This may be the most personally useful work of yours I’ve encountered and I think k I’ve read everything you’ve shared. I recognize virtually everything you describe, perhaps only slightly toned down in intensity.. I will save it for repeated readings, post the DBT chart many places as a personal guide, treasure the times of calm (I forget the word you used, but will be using it often as I can!). I have been yelling at clouds a lot lately even when my emotional side is thinking “I love you, need you, treasure you.”
Sherman Alexie, thank you for this brave, open honest telling of your struggles with mental illness. You have so graciously shared your heart and mind and I thank you.
As for white privilege, you are correct, not all whites live in privilege. Many struggle in deep poverty and it is near impossible to break away from the "system" and poverty policies that trap the poor of all races from ever breaking free.
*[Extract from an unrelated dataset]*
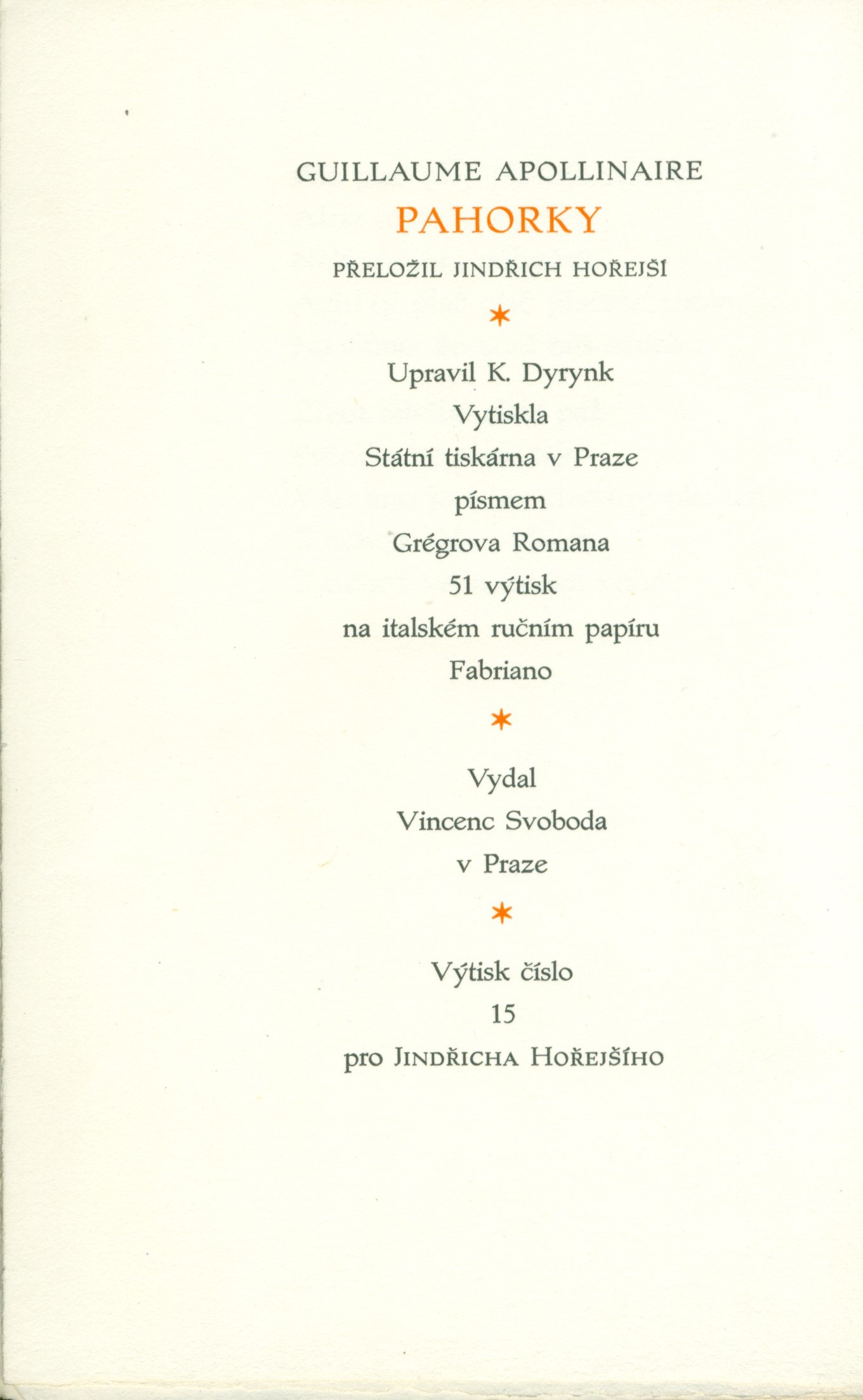 Keywords francouzská literatura * poezie * Apollinaire G. * francouzská poezie * český překlad * Hořejší J. * číslovaný výtisk * bibliofilie * r. 1931

I know this because I am white and I spent the majority of my adult life living in poverty.
We are blessed by your openess and willingness to share your struggles Sherman. Thank you...
Man. This was powerful. Still digesting. This paragraph seems particularly important: “At my healthiest, I can function in those grey areas. I can hold two opposing thoughts. I can be celebratory and disgusted at the same time.”
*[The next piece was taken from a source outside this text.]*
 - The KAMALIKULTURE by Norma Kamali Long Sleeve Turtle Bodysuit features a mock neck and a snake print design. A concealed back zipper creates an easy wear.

Dear Sherman, thank you for this essay. It’s profound. It speaks to me on many subjects. As I try to unravel my crazy-ass brain, your words help. Your words, here and in your books and poems, are teaching me, I hope, how to write about my own life and my family.
But I want to ask you about a memory I have. I’m not sure if it’s accurate, and please know that I do not mean to embarrass or attack you. (I think you are a treasure, a blessing, and a crown of creation!) I would just like to know if you remember this (a minor thing, and yet it stays with me).
Did you once give a reading at the Living Batch Bookstore in Albuquerque across Central Avenue from the University of New Mexico in which you said that when Coyote trimmed his toenails, he threw the clippings down to the world where they became the white people?
I can’t remember if it was you who said it. I can’t think of who else it could have been. Maybe Simon Ortiz? I don’t know. But I’ve never forgotten that moment. I remember that my feelings were hurt, and that I was embarrassed for myself and for all of my white friends sitting there, smiling, loving you, hearing that, and all of us nodding in agreement and shame.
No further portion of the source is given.